Knowing the truth isn’t enough. It’s a start, but a lot of people know things they don’t act on, and their knowledge has no practical effect in their lives. We implement knowledge first by faith, then by actually taking steps backed by our faith. We act on the truth.
Notice what Paul’s picture of Christ between cross and resurrection implies. We become partakers of His victory over sin, death, and Satan. We join the winning side the moment we receive Him as our Savior. This is a true, objective, historical reality that remains practically irrelevant to us until we ask Jesus by faith to come into our lives, not only to save us but to live in us daily. The Spirit of God comes in, our sins are forgiven, and we spend the rest of eternity “in Christ.” As spiritual babies, we begin the process of transformation, putting away the old and embracing the new, cooperating with God to conform us to the likeness of His Son.

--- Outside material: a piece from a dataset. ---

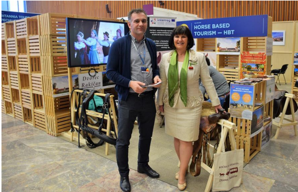
V družbi državne sekretarke ministrstva za gospodarstvo, ga. Eve Štravs Podlogar.

This again goes back to how we see ourselves. If we claim that the Spirit of Jesus is living through us and empowering us but still see ourselves as sinners who are inevitably going to fail, there’s a contradiction between the truth and our faith. We are putting more stock in our experiences of failure than in His victory over sin, death, and the enemy. If we see ourselves as participants in the divine nature (2 Peter 1:4), we can trample on sin, stare death in the face, and live as people who are absolutely convinced that nothing can separate us from the love of God. He is working all things together for our good, and we are more than conquerors in Him (Rom. 8:28, 37–39). We can actually know—and very often sense—the power of the Holy Spirit rising up within us to overcome.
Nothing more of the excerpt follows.